解剖学で説明できそうな痛みほど、断定に気をつけたい理由

「説明できる気がする」ときほど、一度立ち止まる

解剖学は、臨床に欠かせない大事な土台です。ただし、図で説明できることと、患者さんの痛みの原因を特定できたことは同じではありません。ここを混ぜると、もっともらしい言葉ほど危なくなります。

施術で変化が出たことと、想定した仕組みで変化したことは別です。「硬膜に効いた」「神経が緩んだ」と言いたくなる場面ほど、結果と機序を分けて考える必要があります。

施術の世界では、解剖学を使った説明がよく出てきます。

肩甲骨がこう動くから肩が上がらない。骨盤がこう傾くから腰が痛い。神経が引っ張られているからしびれる。硬膜や筋膜の緊張が影響している。

こういう説明は、聞いていて分かりやすいです。

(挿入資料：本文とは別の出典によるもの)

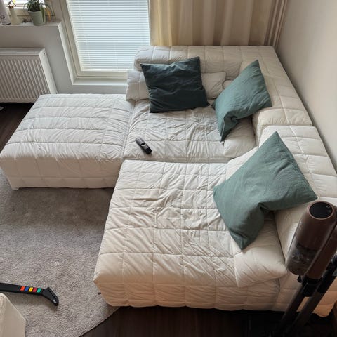 Tätä moduulikokonaisuutta ei näyttänyt löytyvän enää myynnistä, mutta maksoi uutena noin 1900e. Ilmeisesti (viimeinen kuva) Vilmersin sohva (https://vilmers.fi/tuotteet/).
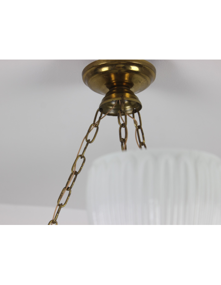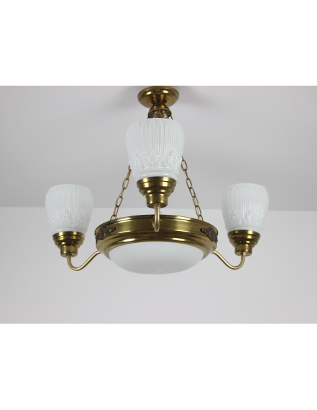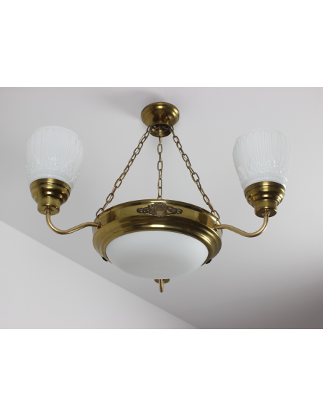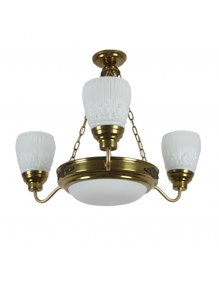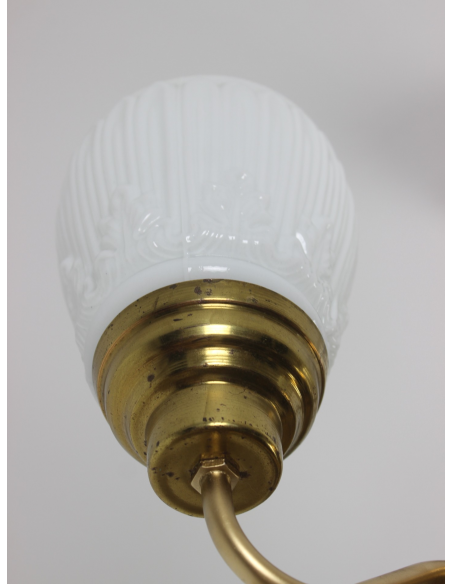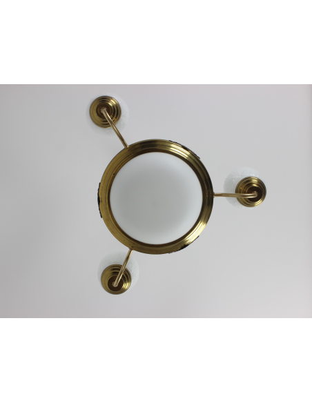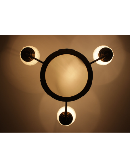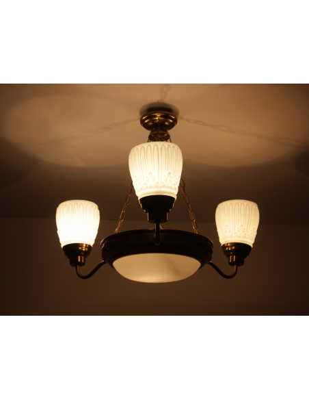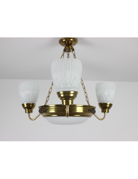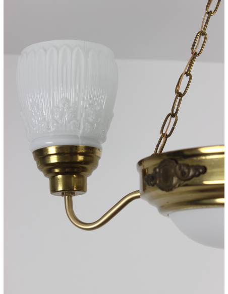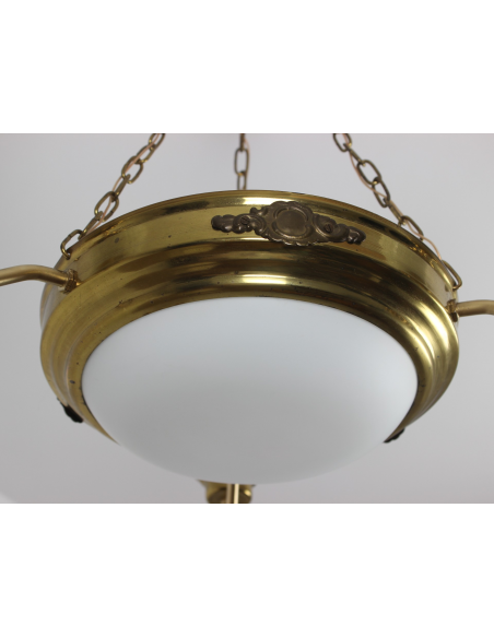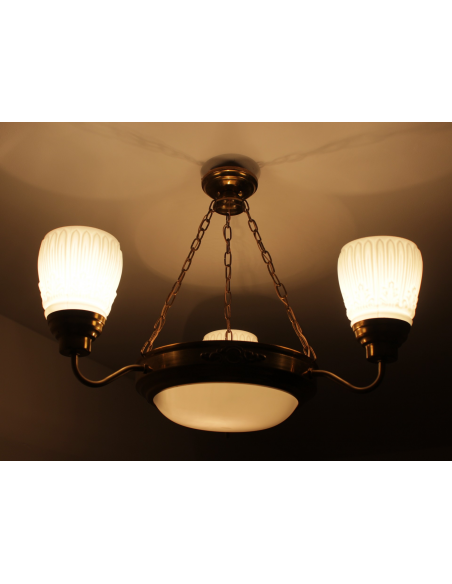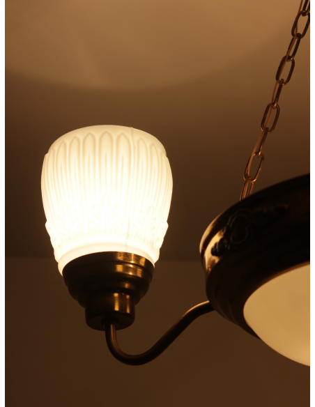 Lampa wisząca pochodząca z lat 60. Wykonana ze stali, klosze z grubego mlecznego szkła. Możliwość zapalenia trzech ramion, samej ampli lub wszystkich czterech punktów świetlnych jednocześnie. Lampa posiada naturalny nalot powstały w wyniku upływu lat.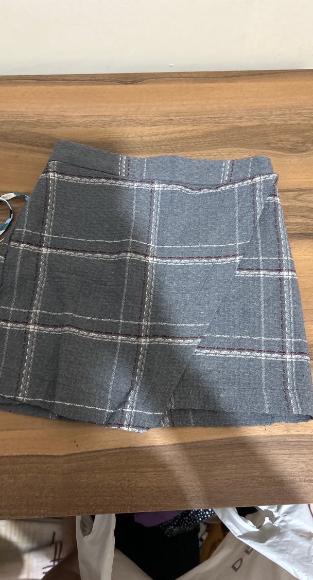 Gri ekoseli mini etek, kemerli ve bol kesimdir. Yumuşak sentetik kumaştan yapılmıştır, günlük sokak stili için uygundur.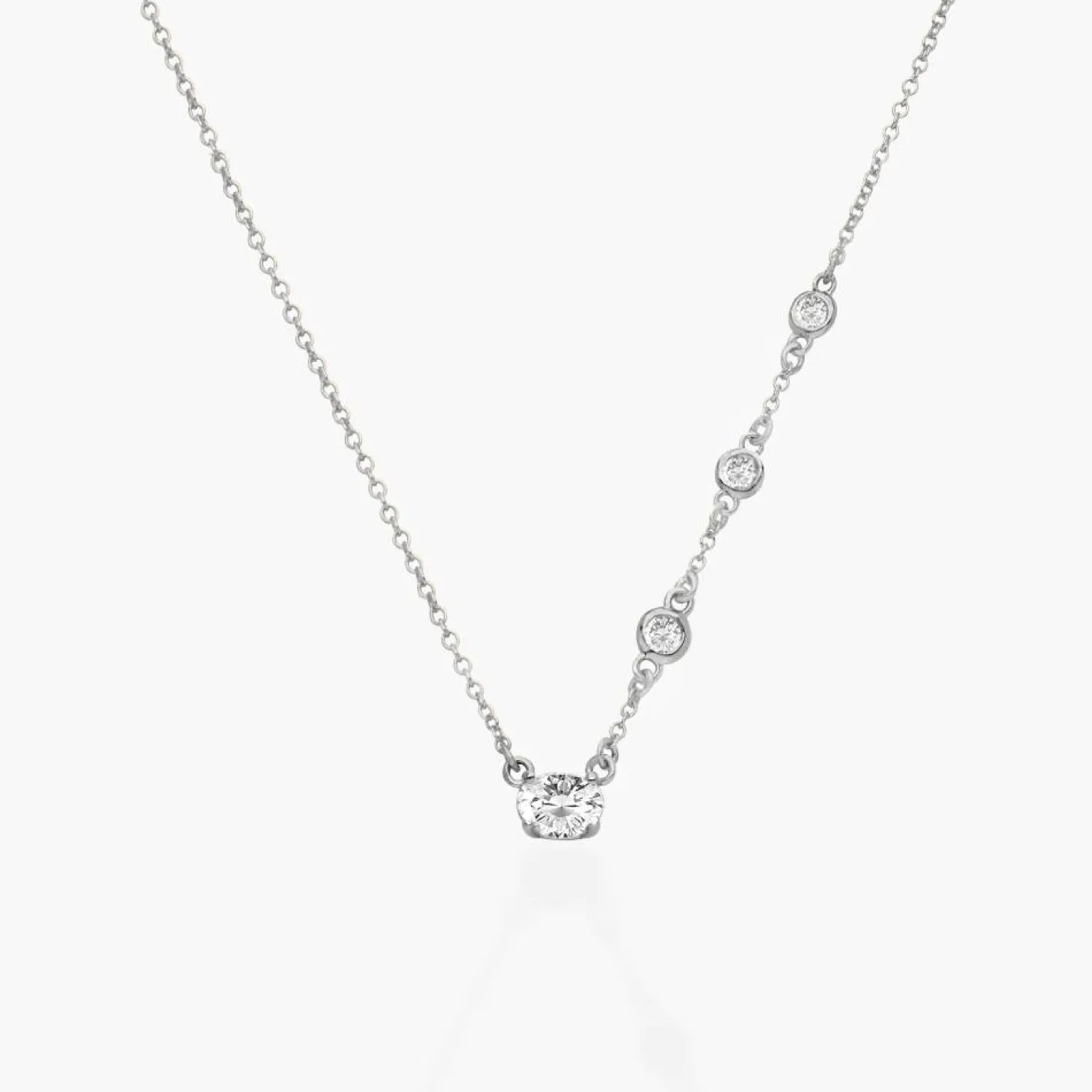 Crafted in silver, this exquisite necklace features a custom 0.3 ct diamond that you can personalize with your choice of shape – Round, Oval, or Emerald. Radiating unmatched beauty and prestige, this necklace allows you to customize your unique diamond. Adorn yourself with this precious treasure, a symbol of timeless sophistication.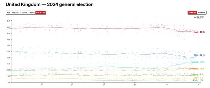 Βάσει των τελευταίων δημοσκοπήσεων, λίγες ώρες πριν από την έναρξη της ψηφοφορίας το Εργατικό Κόμμα εκτιμάται ότι θα κερδίσει 453 έδρες (εκ των 650) και το Συντηρητικό Κόμμα μόλις 115, έχοντας μία από τις μεγαλύτερες ήττες στην ιστορία του.
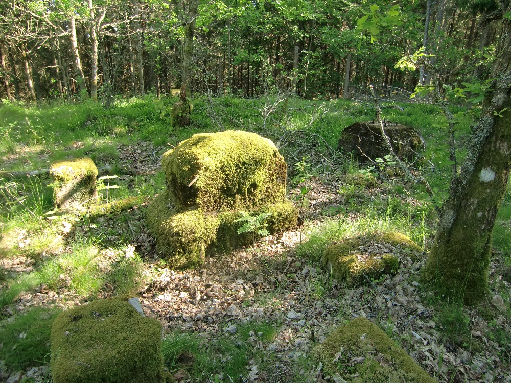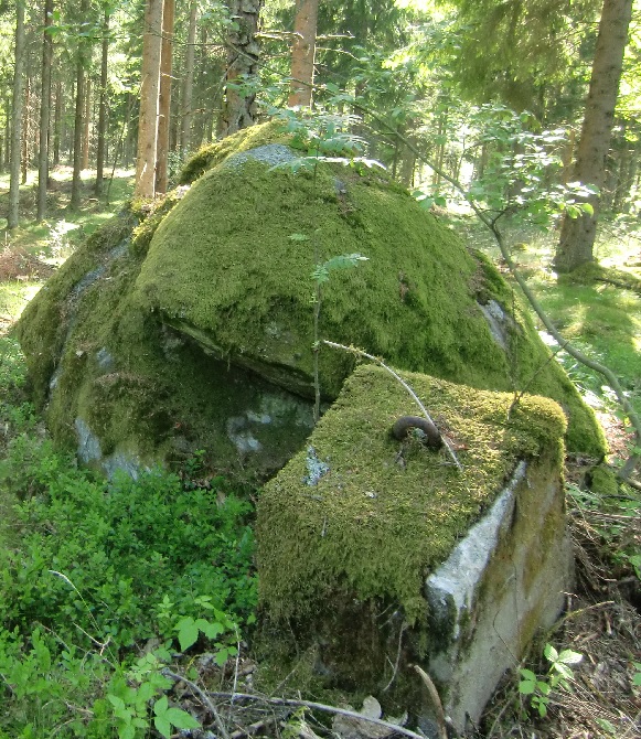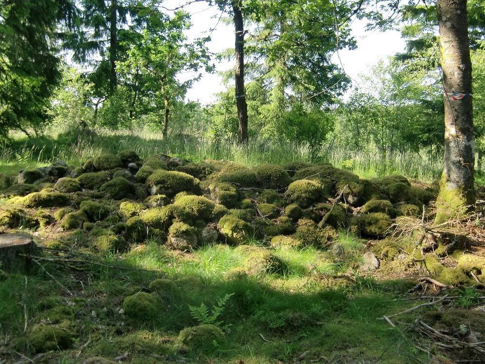 Kraftigt övermossad fyllning av 0,2 - 0,4 meter stora stenar. Gropig ojämn yta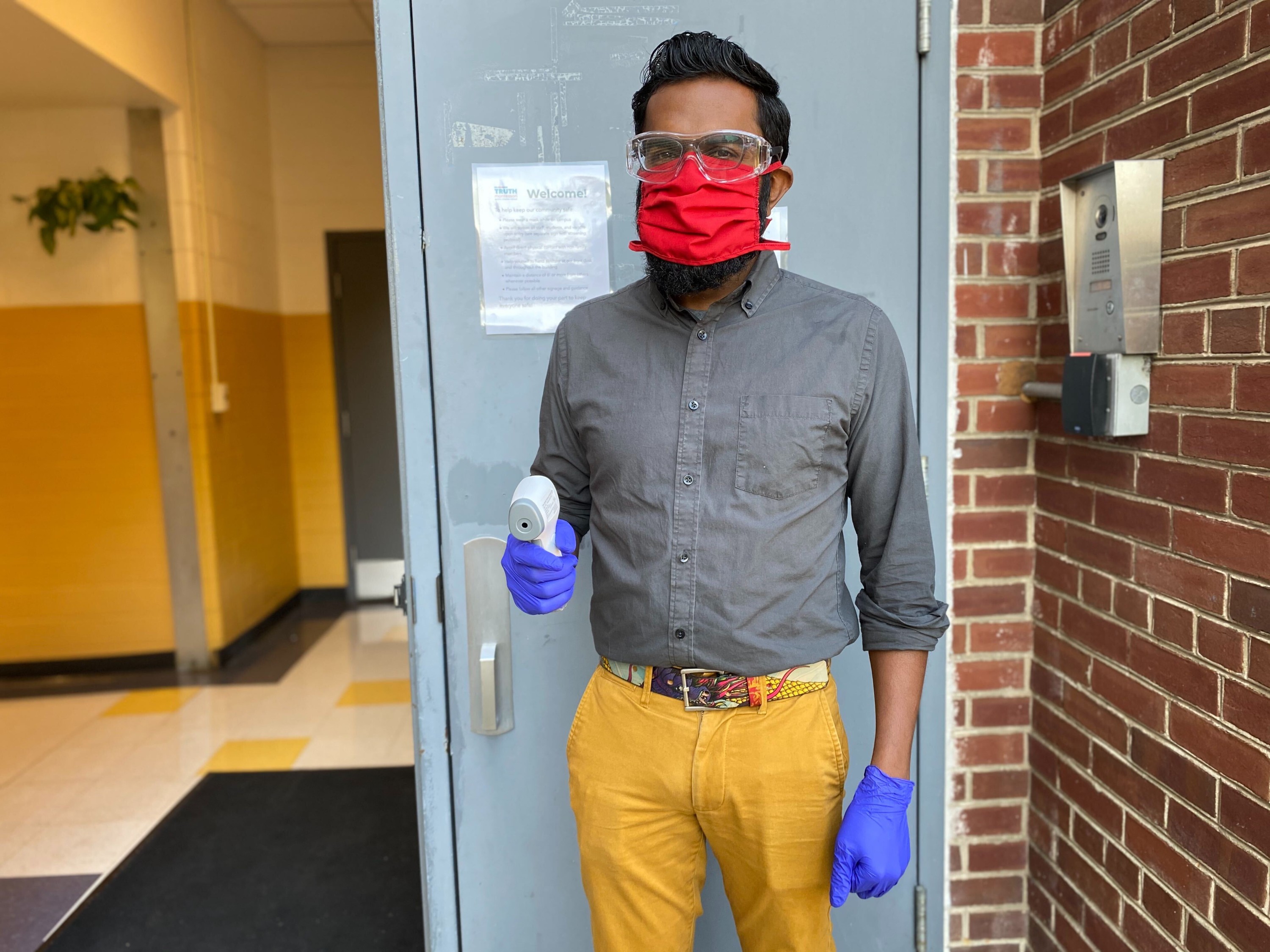 Students’ face masks occasionally slip down the bridge of their nose or they forget to keep a six feet distance from classmates. Teacher Johari Malik said the students are responsive to reminders.

図も描きやすいし、患者さんにも伝わりやすい。施術者側も「なるほど」と思いやすい。

ただ、分かりやすい説明には落とし穴があります。

少し辛口に言うと、解剖学的にそれっぽく説明できることを、そのまま原因の特定として扱ってしまう人は少なくありません。

まなぶ先生
まなぶ先生

解剖学に合っている説明なら、かなり正しそうに聞こえますよね。

瀬谷崎
瀬谷崎

そこが怖いところです。合っていそうに見える説明と、実際にその機序で起きているかは分けて考えた方がいいです。

解剖学は大事。でも万能の答えではない

まず前提として、解剖学はとても大事です。

筋肉、関節、神経、血管、靭帯、膜組織などを知らずに身体を見るのは危険です。触れる場所、動かす方向、避けるべき刺激、医療機関での確認が必要な可能性を考えるうえでも、解剖学は欠かせません。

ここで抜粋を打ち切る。